Learning to Segment for Vehicle Routing Problems
This addresses efficiency bottlenecks for large-scale VRP solvers, which are critical in logistics and transportation, though it is an incremental improvement on existing methods.
The paper tackles the problem of redundant computations in iterative heuristics for Vehicle Routing Problems (VRPs) by introducing Learning-to-Segment (L2Seg), a neural framework that identifies stable solution segments to accelerate solvers, achieving speedups of 2x to 7x on CVRP and VRPTW benchmarks.

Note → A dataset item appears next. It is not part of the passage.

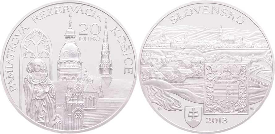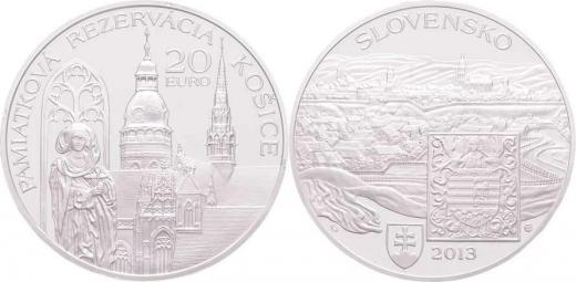 20 Euro 2013 - památková rezervace Košice, KM.129 (Ag925, 33.63g, cca 10.000 ks), kapsle, etue, certifikát, reklamní text R!

Iterative heuristics are widely recognized as state-of-the-art for Vehicle Routing Problems (VRPs). In this work, we exploit a critical observation: a large portion of the solution remains stable, i.e., unchanged across search iterations, causing redundant computations, especially for large-scale VRPs with long subtours. To address this, we pioneer the formal study of the First-Segment-Then-Aggregate (FSTA) decomposition technique to accelerate iterative solvers. FSTA preserves stable solution segments during the search, aggregates nodes within each segment into fixed hypernodes, and focuses the search only on unstable portions. Yet, a key challenge lies in identifying which segments should be aggregated. To this end, we introduce Learning-to-Segment (L2Seg), a novel neural framework to intelligently differentiate potentially stable and unstable portions for FSTA decomposition. We present three L2Seg variants: non-autoregressive (globally comprehensive but locally indiscriminate), autoregressive (locally refined but globally deficient), and their synergy. Empirical results on CVRP and VRPTW show that L2Seg accelerates state-of-the-art solvers by 2x to 7x. We further provide in-depth analysis showing why synergy achieves the best performance. Notably, L2Seg is compatible with traditional, learning-based, and hybrid solvers, while supporting various VRPs.